102. Kosar Mashiz (Hazrat Zahra) Charity
Education is one of the most transformative and sustainable long-term solutions for establishing economic growth, increasing shared prosperity, accelerating peace and social cohesion, plus preventing social harm and building resilience. Accordingly Obtaining quality education is the foundation to creating sustainable development.
To accelerate progress across the 2030 Agenda, educating childrens’ needs to be placed at the core of sustainable development, driven by greater political commitment, scaled- up solutions, more resources, and societal mobilization.
Kosar Mashiz Charity suggests a few key points and pathways to accelerate the 2030 agenda:
Prioritizing inclusion and equity in education; highlighting the most disadvantaged and vulnerable children plus promoting a culture of inclusion in and throughout education systems, to reach all learners from the early years.
Ensuring that education policies highlights gender equality, removes all barriers to girls’ completion of 12 years of free, publicly funded, compulsory quality compulsory education, and encourage their participation in all fields
Expanding investment in early childhood care and education to counter disadvantages and set the foundations for successful learning in school.

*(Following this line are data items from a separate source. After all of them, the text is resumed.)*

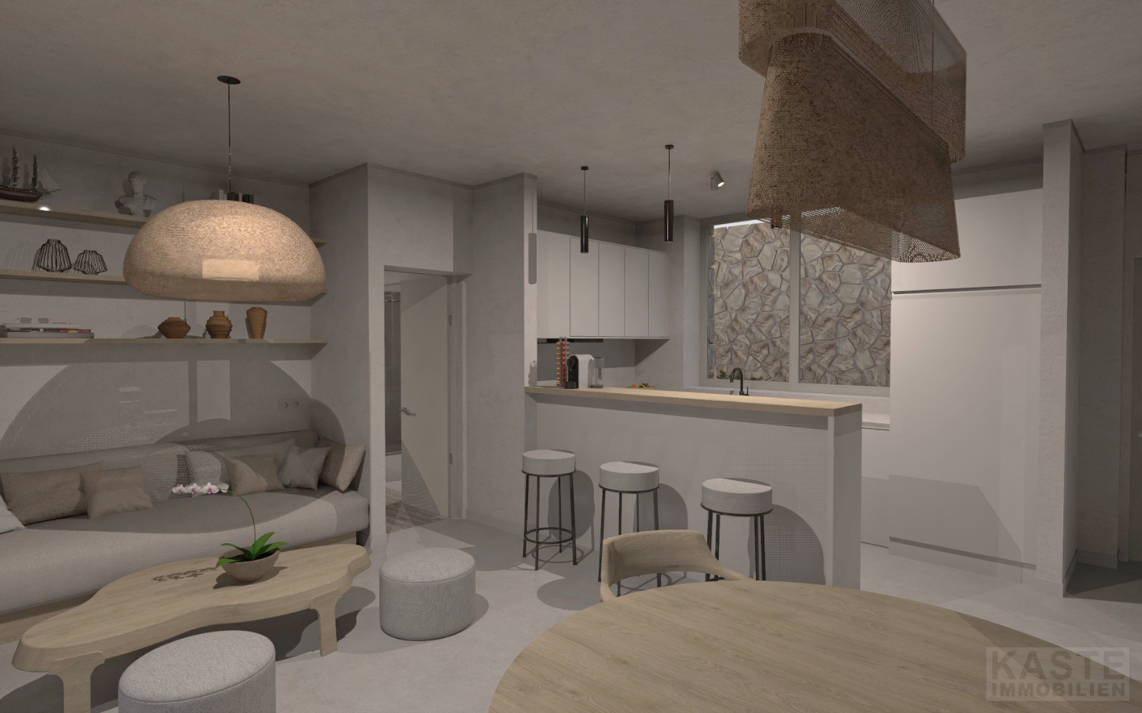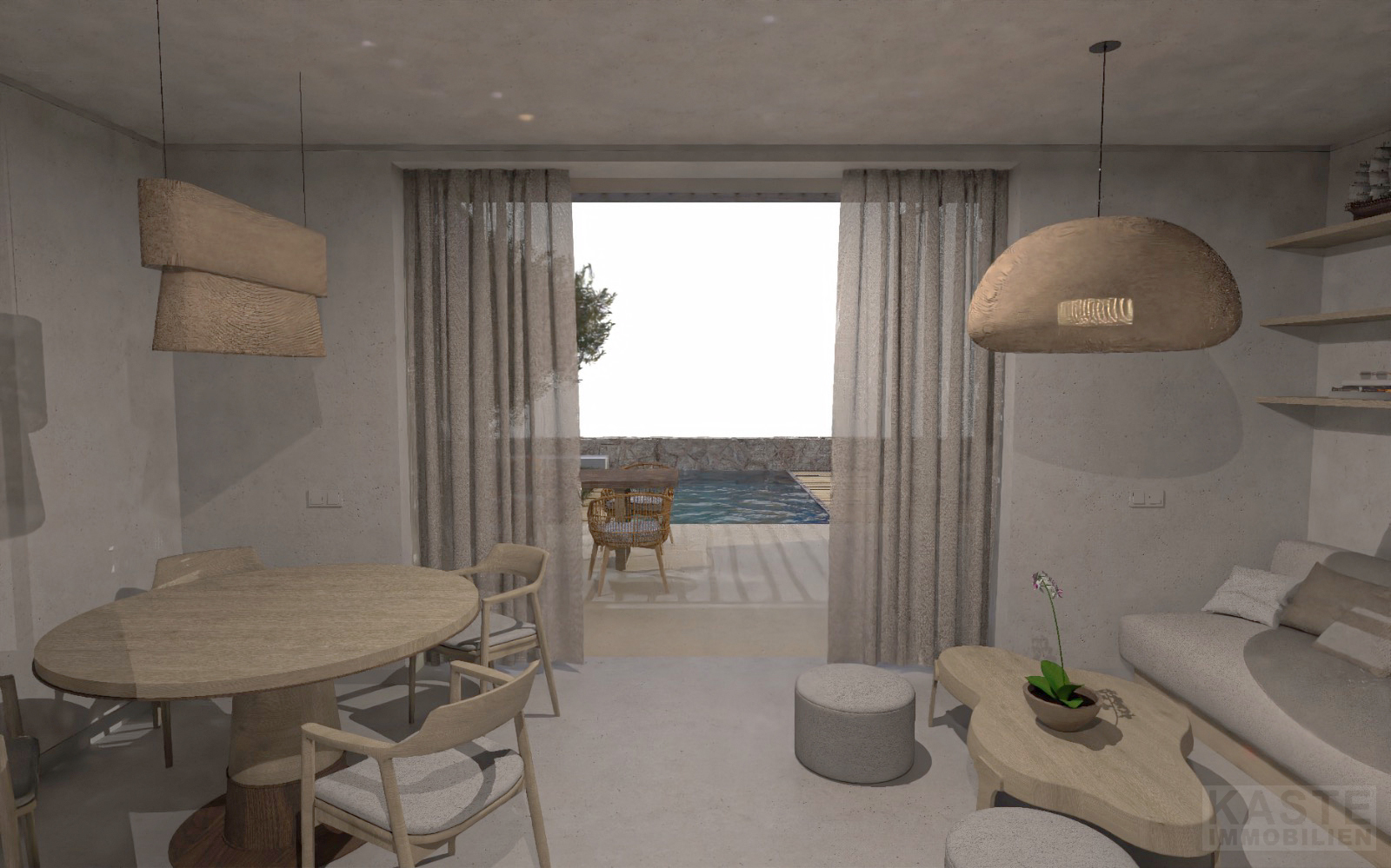 Wohnbereich und Küche: Das Innere der Villa ist geprägt von Funktionalität und Helligkeit. Der offene Wohnbereich fließt nahtlos in eine voll ausgestattete Küche über und schafft so eine luftige Atmosphäre. Die moderne Architektur und Technik sorgen für ein perfektes Wohngefühl und eine Vielzahl praktischer Eigenschaften. Die perfekte Kulisse, um beim Kochen mit Ihren Gästen zu plaudern.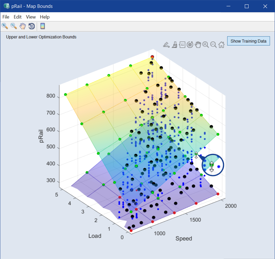 すべての入力の有効範囲が実測値の範囲に調整されます。これにより各パラメータは、すべての動作ポイントにおいて実測範囲内の値にしか調整できなくなります。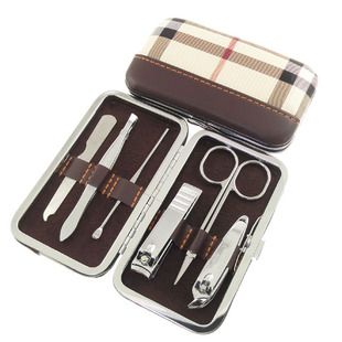 美甲工具套裝|碳鋼八件指甲刀|格子紋 指甲刀套裝 可印logo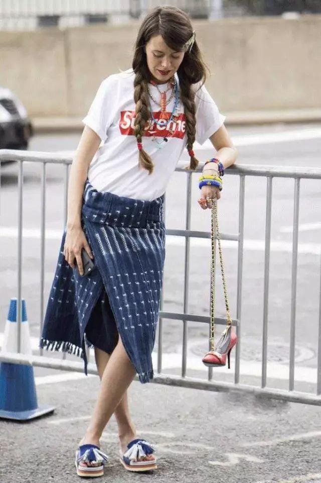 Pairing a solid color T-shirt with an ordinary denim skirt will accidentally make you look like a passerby, but a printed T-shirt that shows your personality paired with a fashionable raw edge skirt will not look the same. monotonous.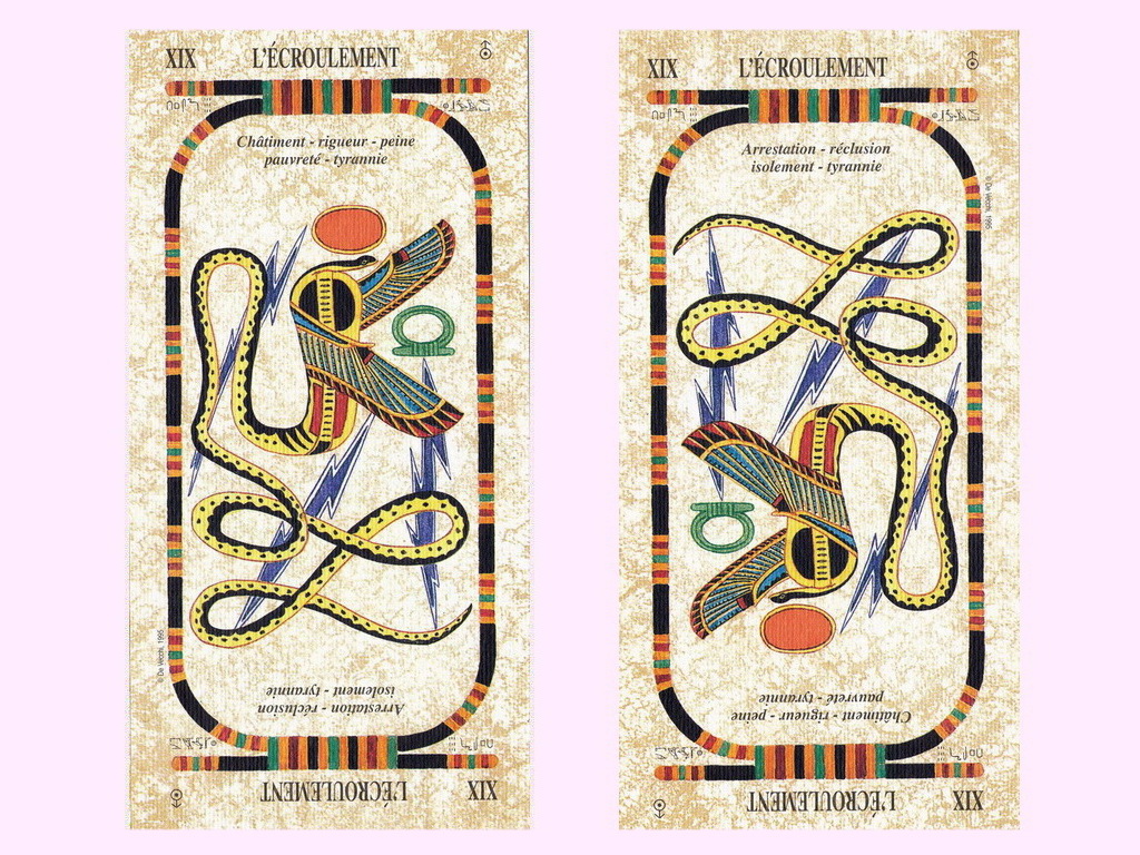Sens de cet Arcane : Dans le panthéon égyptien, le destructeur par excellence est le gigantesque serpent Apopis : c`est la quintessence des ténèbres et du mal qui, chaque matin et chaque soir, se dispute l’accès avec les forces de la Lumière et menace 1’ordre cosmique en attaquant la barque solaire de Ré. Pour aider au triomphe du Soleil, les prêtres prononçaient des formules d’exécration au moment où cet astre allait atteindre l’horizon, en jetant en même temps dans le feu, un simulacre en cire d’Apopis. Cependant, d’après le livre des Enfers, qui remonte à la dix-huitième dynastie, la rencontre décisive entre les deux survient à la septième heure du jour. Selon cette source, les arts occultes d`Isis sont nécessaires pour éviter que le monstre dévoreur ne prenne le dessus. Eternellement battu, Apopis renait cependant à chaque fois, pérenne, indestructible : c’est la contrepartie du bien, l’adversité nécessaire pour activer les forces d’équilibre qui soutiennent le Cosmos.

Acknowledging talents of individuals (especially vulnerable children) plus providing opportunities to grow their skills and talents.
Scale up investment in teachers through better training, professional development and decent working conditions, improved social and health care support, as well as the development of teacher communities.
Kosar Mashiz Charity foresees that these major pathways would be efficient and effective in accelerating the process; we must push ourselves to strategically, intelligently and efficiently balance at global level and in universal justice the synchronization with all the people of the world and their activities and representations, so that relative peace and equity could flourish.